A terapia sexual pode ajudar quando há ansiedade de desempenho, pressão para ejacular, evitamento, dificuldade em comunicar desejos ou padrão de excitação muito específico. Uma abordagem comum é retirar temporariamente a obrigação da ejaculação — o casal aprende a recuperar prazer, toque, excitação e intimidade sem transformar a relação sexual numa prova. Também pode ser trabalhado o recondicionamento masturbatório, quando o homem se habituou a um tipo de estimulação muito específico. O objetivo é alargar gradualmente as formas de estímulo que o corpo reconhece como excitantes.

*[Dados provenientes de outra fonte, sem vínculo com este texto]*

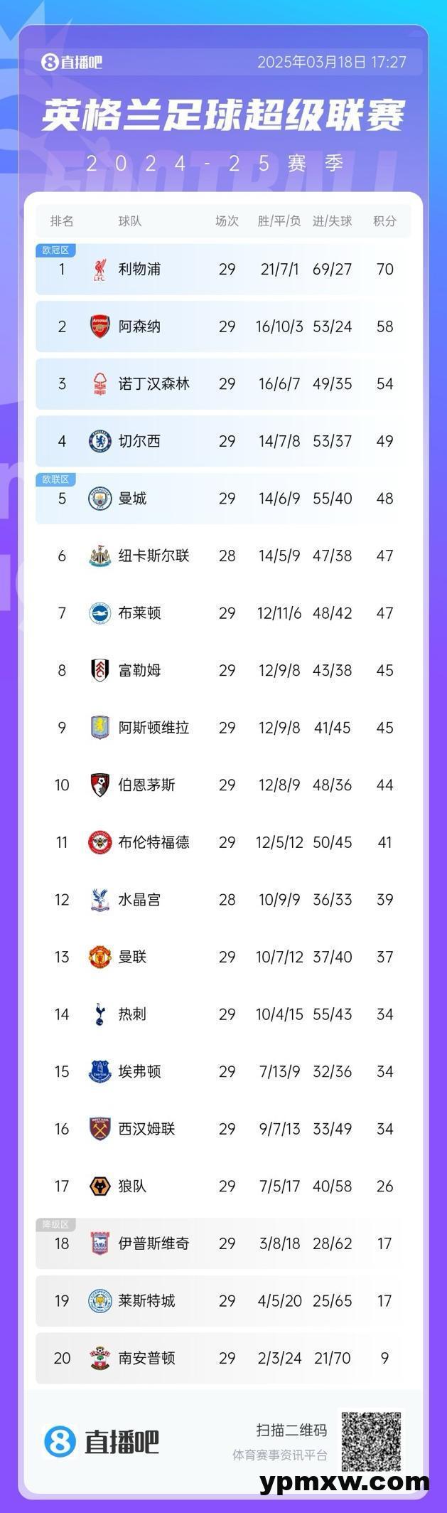 直播吧03月18日讯 英超基本锁定第五个欧冠名额,BBC指出,在极端情况下,英超本赛季第11名下赛季都有欧战可踢。

Psicoterapia HBM e terapia de casal

A Psicoterapia HBM pode ajudar quando a ejaculação retardada está ligada a fatores emocionais como ansiedade, vergonha, culpa, medo de falhar, necessidade de controlo, dificuldade em entregar-se ao prazer, educação sexual rígida, experiências anteriores marcantes ou insegurança na relação. A intervenção procura perceber que emoções, memórias, medos ou padrões relacionais estão associados ao bloqueio. Quando o problema já criou mágoa, insegurança ou distância, a terapia de casal pode ser importante para falar sobre sexo sem culpa, desmontar interpretações erradas e reconstruir confiança. A Psicoterapia HBM pode ser útil em articulação com terapia sexual ou avaliação médica, mas não substitui urologia, endocrinologia ou revisão de medicação quando existem causas físicas.

Como Lidar com a Ejaculação Retardada no Casal

A primeira mudança importante é retirar a ideia de que a relação sexual tem de acabar com ejaculação. Quando a ejaculação se torna obrigação, aumenta a pressão e o bloqueio tende a piorar. O casal pode combinar que a intimidade não será medida apenas pelo orgasmo masculino. Também é importante falar com honestidade — fingir orgasmo, evitar sexo ou esconder frustração pode criar distância. Em alguns casais, pode ajudar limitar o tempo de penetração para evitar dor, fricção e exaustão. Quando o casal está a tentar engravidar, a situação pode tornar-se ainda mais pressionante, sendo importante procurar ajuda mais cedo.

Mitos e Verdades

MitoVerdade
Se ele não ejacula, é porque não sente atração.Pode haver desejo e excitação, mas a ejaculação estar bloqueada por fatores físicos, medicamentosos, emocionais ou comportamentais.
Durar muito tempo é sempre bom.Quando o homem não consegue ejacular, pode haver exaustão, dor, frustração e sofrimento.
É sempre psicológico.Pode ser psicológico, mas também pode estar ligado a medicamentos, diabetes, alterações hormonais ou doenças neurológicas.
A masturbação é sempre a causa.Pode contribuir em alguns casos, mas não explica todas as situações.
Não há tratamento.Há várias abordagens: revisão médica, terapia sexual, psicoterapia, terapia de casal e tratamento de causas físicas.
A parceira ou parceiro tem culpa.A ejaculação retardada raramente se explica por culpa de alguém. Deve ser compreendida e tratada sem acusações.

Quando Procurar Ajuda

Deve procurar ajuda quando a dificuldade em ejacular se repete durante vários meses, causa sofrimento, interfere com a relação ou faz com que o homem comece a evitar sexo. A avaliação é especialmente importante se a ejaculação retardada surgiu depois de iniciar ou alterar medicação, se existe diabetes, doença neurológica, cirurgia pélvica, alterações hormonais, consumo excessivo de álcool, infertilidade ou ausência de ejaculação em qualquer contexto. Também deve procurar ajuda quando o problema está a gerar dor física, frustração intensa, conflitos no casal, sentimentos de rejeição ou pressão para engravidar. Com avaliação adequada, revisão de medicação, terapia sexual, Psicoterapia HBM e terapia de casal quando necessário, é possível recuperar prazer, comunicação e confiança na intimidade.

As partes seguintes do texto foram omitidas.